Neighborhood Joint | West Village: At the End of History, Obsessions in Color and Glass







Elizabeth D. Herman for The New York Times






Rick Rodney browsed the vast collection of midcentury wares at the End of History. More Photos »




“I call this an obsession turned into a business,” Stephen Saunders said on a recent Saturday evening. He was standing in the middle of the End of History, the West Village store he has owned since 1997, surrounded by the approximately 10,000 pieces of midcentury glassware and ceramics that make up his inventory.




Crossing the store’s threshold from Hudson Street is a little like going to sleep in Kansas and waking up in Oz. Organized by color and form, the pieces on display form an eye-popping Technicolor tableau, clustered in islands of cerulean, ivory, amber, ebony and bubble gum pink.


On one shelf, Italian Murano glass geode bowls beckon in hues of green and turquoise blue. On another, glossy, undulating orange vases — representatives of the Danish manufacturer Holmegäard’s coveted 1960s Carnaby series — form a sort of Pop Art fantasia. A 15-inch-long Murano tiger the color of a sunrise lurks above them. “It’s a fantastic object, one of a kind,” Mr. Saunders said of the $ 2,750 creature, adding, “I don’t love figurines unless they speak to me.”

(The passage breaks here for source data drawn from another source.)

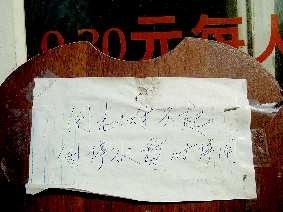 记者赶到现场时发现,公厕的门已经被锁上,窗户上贴着:同志们,对不起,因停水暂时停用。该公厕承包人陈先生告诉记者,他从2005年公厕建成后就开始承包,停水的现象从来都没有出现过。“从1月5日就开始停水了,到现在都两个月了,这边公厕的用水和摩登百货是一条线的,他们说因为年前天气冷,水管冻住了,无法正常使用,现在也没有人给我个说法,我就只能在这里等着。”陈先生很无奈地说。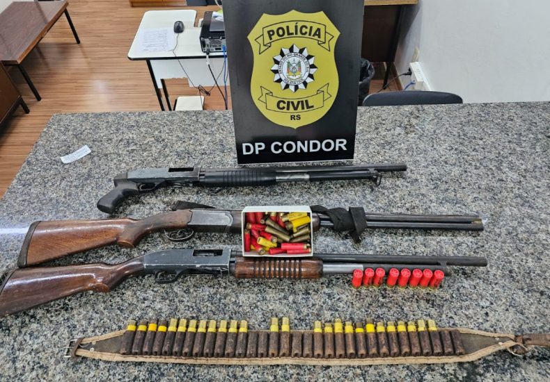 Mandado de busca e apreensão foi cumprido com apoio da Delegacia de Panambi no combate à posse ilegal de arma de fogo A Polícia Civil apreendeu três espingardas e diversas munições durante o cumprimento de um mandado de busca e apreensão realizado na manhã de terça-feira (16), no interior do município de Condor. A ação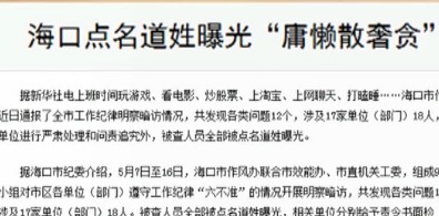 海口点名道姓曝光18名“庸懒散奢贪”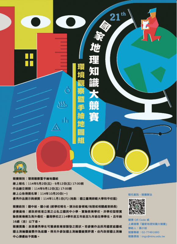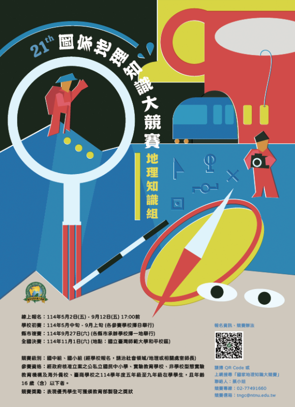 | 標題 | 轉知:有關教育部國民及學前教育署補助中華民國地理學會辦理114年第21屆國家地理知識大競賽之競賽辦法1份 |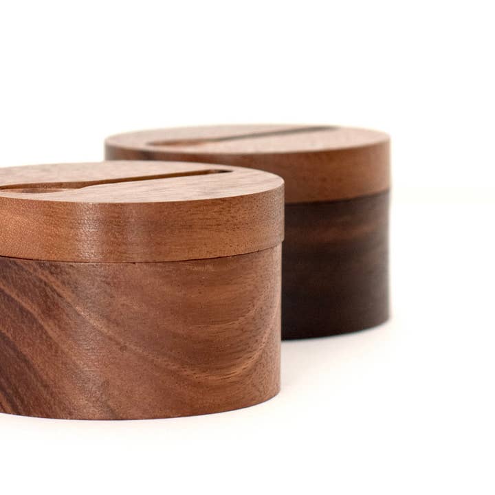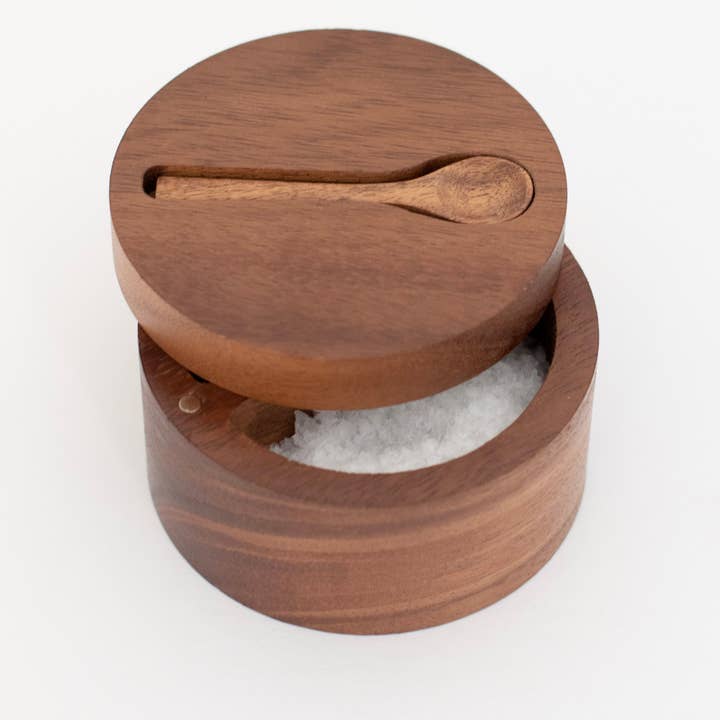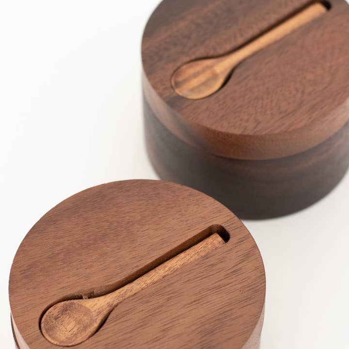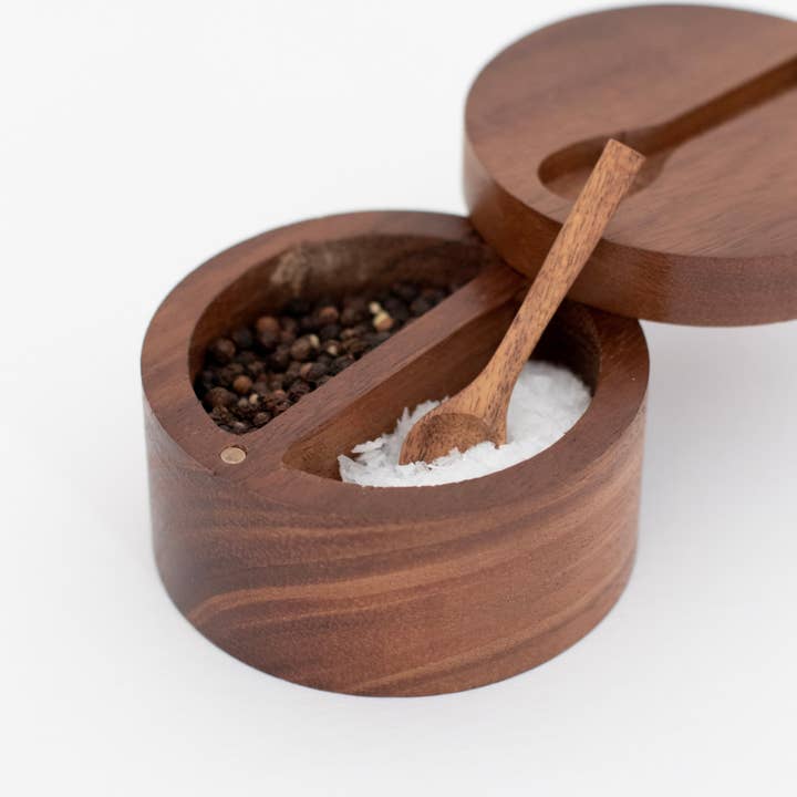 Handcrafted from warm acacia wood, this double seasoning pot keeps everyday flavours close at hand. Two separate compartments organise your favourite salts and spices, while the smooth swivel lid turns to open and protects contents from dust and moisture. A simple, tactile piece for calm, functional kitchens.
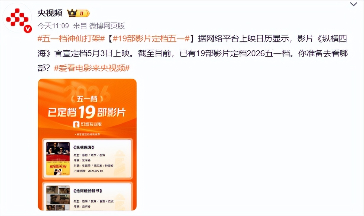 今年五一档已经有19部影片定档,就等着时机已到扎堆上映,数量显然创历史新高了。

Mr. Saunders’s passion for glass goes back to his childhood on the Isle of Wight, where he had relatives in the antiques business. “At 7 years old, I was picking the best rummage sale on the island,” he recalled. He arrived in New York in 1983 after moving on a whim from Honolulu, where he worked in the travel industry.


Although Mr. Saunders subsequently spent more than a decade as a fashion stylist, he was always buying and selling glass. His “light bulb moment,” he recalled, came at a flea market when he found a 1951 Murano glass vase with an original $ 350 price tag still on it, on sale for $ 25. “I started to buy every piece I could,” he said.


His shop’s somewhat inscrutable moniker was inspired by Francis Fukuyama’s book “The End of History and the Last Man.” When he opened his doors, said Mr. Saunders, 54, “the millennium was coming up and the store was full of all these 20th-century things.” At the time, he said, Hudson Street was “the cheapest place to open a store.”


“There was no Marc Jacobs or Richard Meier towers,” he said. “Everything has grown up.”


The area’s gentrification has been good for business: Many of his regular customers are well-known decorators like Amy Lau, Steven Gambrel and Shawn Henderson, and the bulk of Mr. Saunders’s inventory — priced from $ 250 to $ 16,000 — goes into the homes of wealthy families. But visitors arrive from around the world, he said, remembering a woman from Taipei who came in “waving a picture of a Danish Modern vase from New York magazine, saying, ‘I have to have this!’ ” Brazilians “absolutely love this stuff,” he added, recalling a day when the actress Sonia Braga saw the store while riding past it on a bus and made the driver let her out.


On this evening, Dori Cocoros wove her way through the shop with her friend Cindy Tanzer. “We love this,” said Ms. Cocoros, a global account executive for Canon who lives in Astoria, Queens. First-time visitors, she and Ms. Tanzer had been lured, she said, by “the name and all the pretty colors.”


“It’s magnificent,” Ms. Cocoros said. “It would be a very different store if it was organized by country or manufacturer.”


As they browsed, Mr. Saunders pondered a shelf of his “latest obsession,” white German porcelain tattooed with intricate gold embellishments. “Inasmuch as an object has a soul, these have that because they were made with care and with love by skilled people,” he said. “They have a life and a story to tell.”